• [MATERIAL PROVIDED]:
== Segment start ==
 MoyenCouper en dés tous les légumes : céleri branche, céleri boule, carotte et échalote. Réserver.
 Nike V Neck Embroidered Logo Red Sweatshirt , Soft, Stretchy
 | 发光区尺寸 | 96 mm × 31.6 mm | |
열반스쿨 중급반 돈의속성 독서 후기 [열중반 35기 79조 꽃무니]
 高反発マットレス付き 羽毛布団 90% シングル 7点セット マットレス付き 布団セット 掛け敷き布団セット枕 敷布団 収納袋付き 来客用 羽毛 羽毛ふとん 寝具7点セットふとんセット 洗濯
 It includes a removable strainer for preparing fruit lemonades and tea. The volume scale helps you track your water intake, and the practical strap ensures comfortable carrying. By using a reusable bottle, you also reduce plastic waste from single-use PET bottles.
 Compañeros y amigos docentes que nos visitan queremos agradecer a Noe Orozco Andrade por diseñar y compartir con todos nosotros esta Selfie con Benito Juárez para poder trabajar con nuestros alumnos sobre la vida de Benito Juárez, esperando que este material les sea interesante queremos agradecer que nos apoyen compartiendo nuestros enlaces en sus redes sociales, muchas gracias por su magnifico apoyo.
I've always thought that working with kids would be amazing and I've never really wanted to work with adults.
== Segment end ==
== Segment start ==
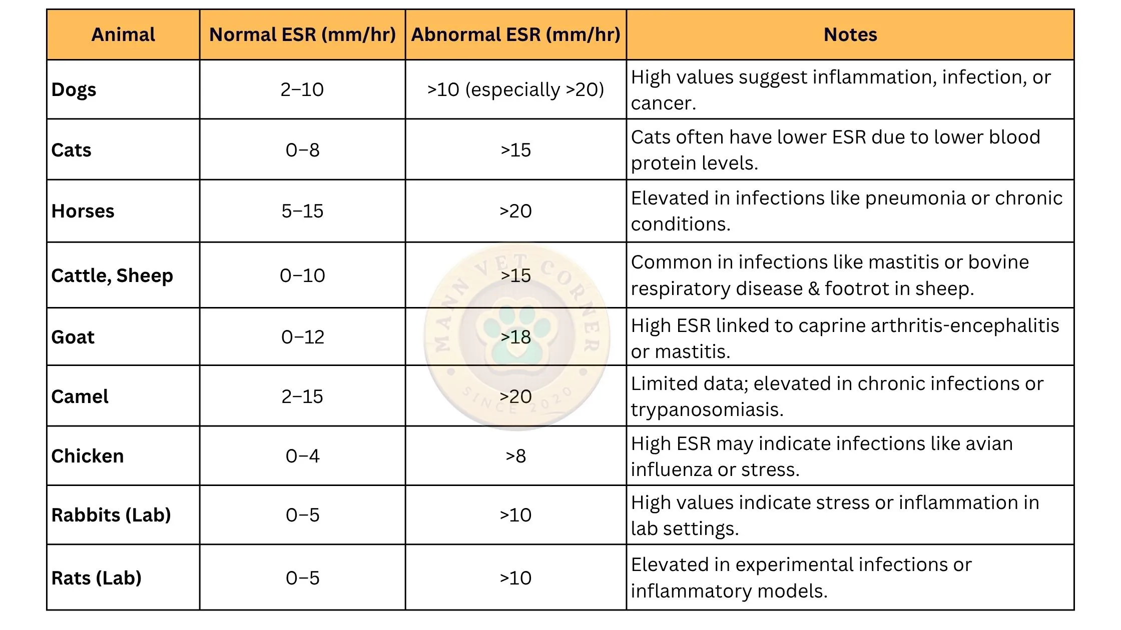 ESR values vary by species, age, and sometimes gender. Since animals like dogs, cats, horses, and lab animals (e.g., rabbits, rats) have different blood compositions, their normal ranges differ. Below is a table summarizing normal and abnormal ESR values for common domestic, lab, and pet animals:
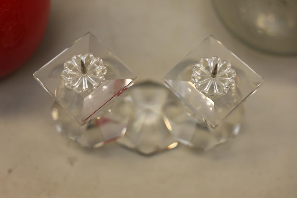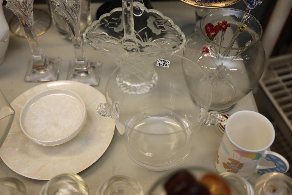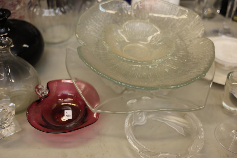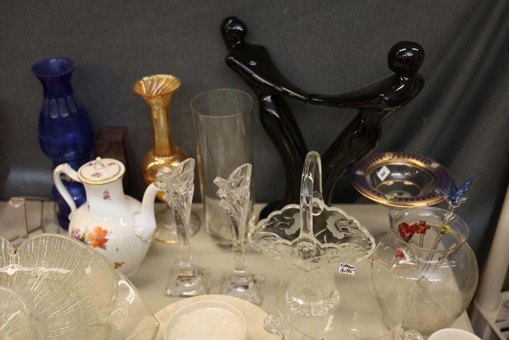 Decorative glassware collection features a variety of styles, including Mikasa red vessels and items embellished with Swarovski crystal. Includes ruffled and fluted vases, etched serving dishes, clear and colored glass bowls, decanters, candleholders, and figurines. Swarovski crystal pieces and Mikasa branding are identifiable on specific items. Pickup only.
== Segment end ==
• [TASK TO CARRY OUT]:
Retype only this portion of the data above: the line containing "MoyenCouper en dés", the line containing "I've always thought", and all lines between them, exactly.

• [REPLY]:
 MoyenCouper en dés tous les légumes : céleri branche, céleri boule, carotte et échalote. Réserver.
 Nike V Neck Embroidered Logo Red Sweatshirt , Soft, Stretchy
 | 发光区尺寸 | 96 mm × 31.6 mm | |
열반스쿨 중급반 돈의속성 독서 후기 [열중반 35기 79조 꽃무니]
 高反発マットレス付き 羽毛布団 90% シングル 7点セット マットレス付き 布団セット 掛け敷き布団セット枕 敷布団 収納袋付き 来客用 羽毛 羽毛ふとん 寝具7点セットふとんセット 洗濯
 It includes a removable strainer for preparing fruit lemonades and tea. The volume scale helps you track your water intake, and the practical strap ensures comfortable carrying. By using a reusable bottle, you also reduce plastic waste from single-use PET bottles.
 Compañeros y amigos docentes que nos visitan queremos agradecer a Noe Orozco Andrade por diseñar y compartir con todos nosotros esta Selfie con Benito Juárez para poder trabajar con nuestros alumnos sobre la vida de Benito Juárez, esperando que este material les sea interesante queremos agradecer que nos apoyen compartiendo nuestros enlaces en sus redes sociales, muchas gracias por su magnifico apoyo.
I've always thought that working with kids would be amazing and I've never really wanted to work with adults.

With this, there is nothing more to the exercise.